The world's first bitumen futures contracts debuted on the Shanghai Futures Exchange in October 2013. It was aimed at operators of refineries for crude oil, dealers in bitumen, and end-users of the product. In addition to Chinese entities, bitumen futures trading was restricted to foreign banks, which means foreign investors can't trade the commodity.

The futures contract is monthly, priced in yuan, and entails the physical delivery of 10 metric tons of bitumen per lot upon expiration. The final product for delivery has to be certified by the exchange and should adhere to quality specifications described in the Bitumen Futures Delivery Rules.

Bitumen Deposits

Naturally-occurring bitumen can be found in the world's oil sands deposits. Canada has the largest supplies in the world, especially in the province of Alberta. Rising oil prices in Canada made it economical to extract petroleum on a large scale. The Canadian Energy Research Institute, which is an independent charitable organization, estimates that the price of crude oil must hit $70.08 per barrel for a stand-alone bitumen mine to be profitable.

Other deposits of bituminous sands can be found in the United States, Venezuela, and Russia. Venezuela's deposits, produced by state-owned Petróleos de Venezuela S.A., have been known to exceed 230 billion barrels. Russia's bitumen supply is thought to be concentrated in Siberia and the Volga-Urals region. Kazakhstan is also another key region for bitumen supplies.

Although commonly confused with asphalt, bitumen is a totally different substance.

Bitumen vs. Asphalt

Bitumen may often be confused with asphalt. That's because both are commonly used in the construction industry. But there is a distinct difference between the two. As noted above, bitumen is a byproduct of crude oil that is used to bind asphalt together when used for projects, such as paving roads or roofing. It is used for its adhesive properties and because it resists damage from oil and water.

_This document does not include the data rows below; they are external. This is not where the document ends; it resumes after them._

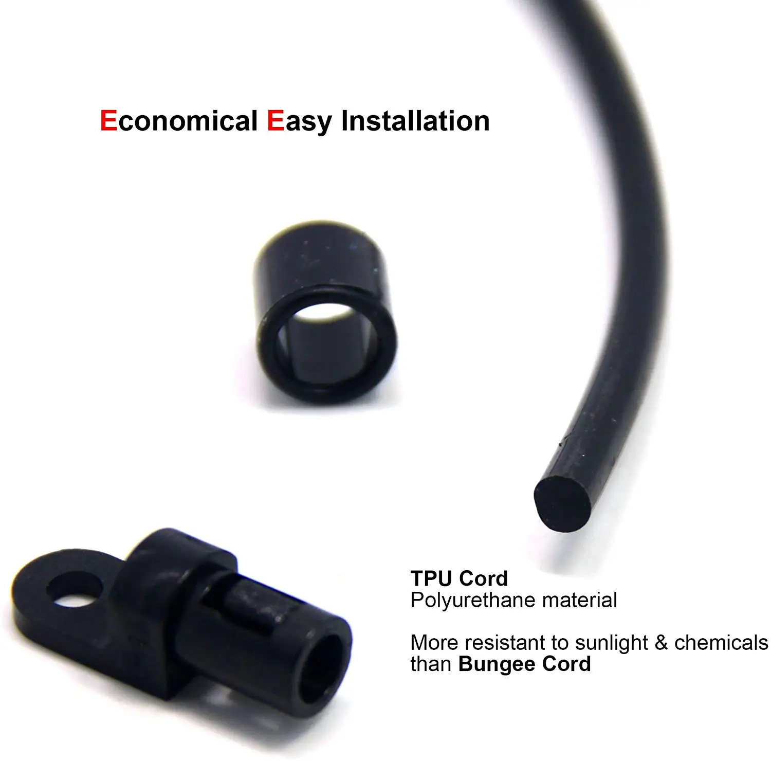 Features: Black poly material will not get hung up in fish hooks or lose their hold when wet Strap remain unaffected by sunlight and most chemicals Compared with bungee rope material, TPU straps can't stretch Gunwale mounting flange mounts into a 3/4" hole in the gunwale with 2 countersunk screws Strap can retract into the gunwale when not in use Deck Mount - Strap end mounts to the deck with one countersunk screw
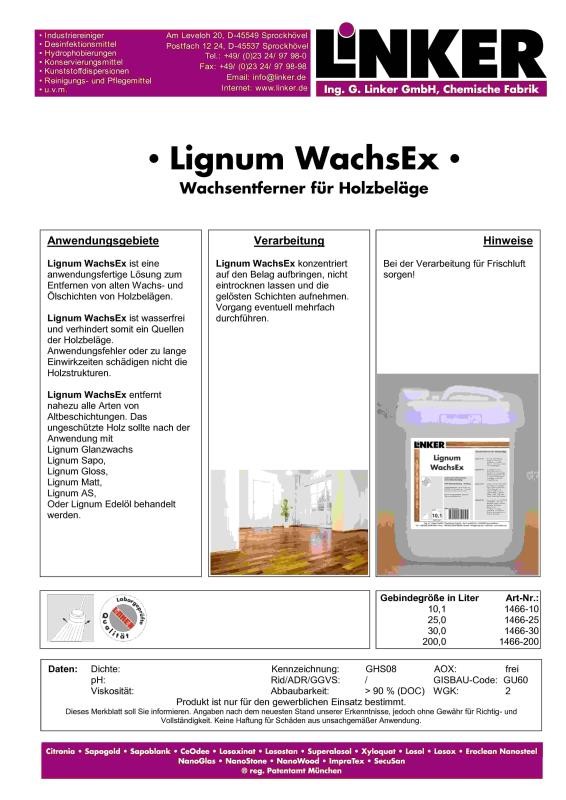 - Beschreibung Linker Chemie Lignum WachsEx Wachsentferner für Holzbeläge 10,1 LiterWachsEx ist eine anwendungsfertige Lösung zum Entfernen… Mehr
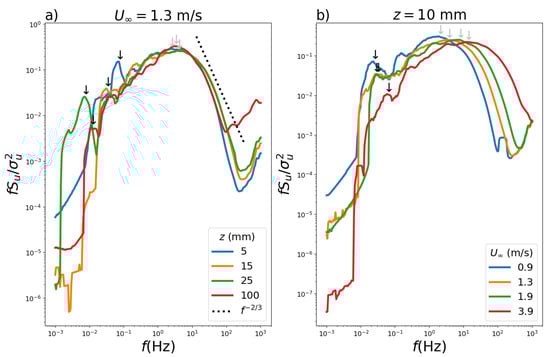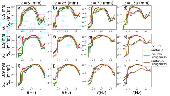 The normalized spectra obtained when the height was chosen as z = 10 mm and the free flow velocity influence is shown in Figure 8b for U = 0.9 , 1.3 , 1.9 and 3.9 m s 1 . By increasing the velocity, the intensity of the spectral maxima associated with low frequencies and convective turbulence decreases. Nonetheless, with increasing free flow velocity, the spectral maxima associated with mechanical turbulence in the range of higher frequencies shifted towards higher values. Figure 9 shows the corresponding plots for Figure 8 but with surface roughness, where similar analyses can be made.

Asphalt, on the other hand, is a manmade substance. It is produced using the residue from petroleum distillate or from byproducts of natural deposits. It is heated, dried, and mixed together with bitumen and sand. Asphalt is then applied using machinery. The thickness of the asphalt depends on the purpose of the project. For instance, asphalt used for roads may be thicker than when it's used in shingles.

How Is Bitumen Made?

Bitumen is a byproduct of crude oil. It is commonly produced through a refining process in which crude oil is reduced. It removes lighter crude oil components and leaves behind the heavier bitumen. This product has many industrial applications. It is used in the construction of roads, where it is known as asphalt, and in roofing. Bitumen also occurs naturally and can be found in Canada's oil sands.

What Is the Primary Use of Bitumen?

Bitumen is primarily used for industrial purposes. It can be found in the construction industry where it is used to make roads, which is why it is commonly called asphalt in this application. It also has waterproofing and adhesive properties, which makes it a good product for roofing.

How Do I Invest in Bitumen?

Bitumen futures are available for trade through the Shanghai Futures Exchange. They were first offered in 2013 and were meant for crude oil refinery operators, bitumen dealers, and end-users. Like other trading activities, China restricted bitumen trading to domestic entities and foreign banks. But you can invest in bitumen indirectly through companies that refine crude oil and produce the product.

The Bottom Line

When people hear the word bitumen, they may often think of the roads on which they drive. While that isn't exactly untrue, it is often confused with another construction substance: asphalt. While asphalt is a manmade material that is used to pave roads, bitumen is a byproduct of crude oil that is used for its waterproofing and adhesive properties. As such, it is used to bind asphalt together during road construction and in roofing applications. Much of the world's supplies of bitumen come from Canada's Tar Sands.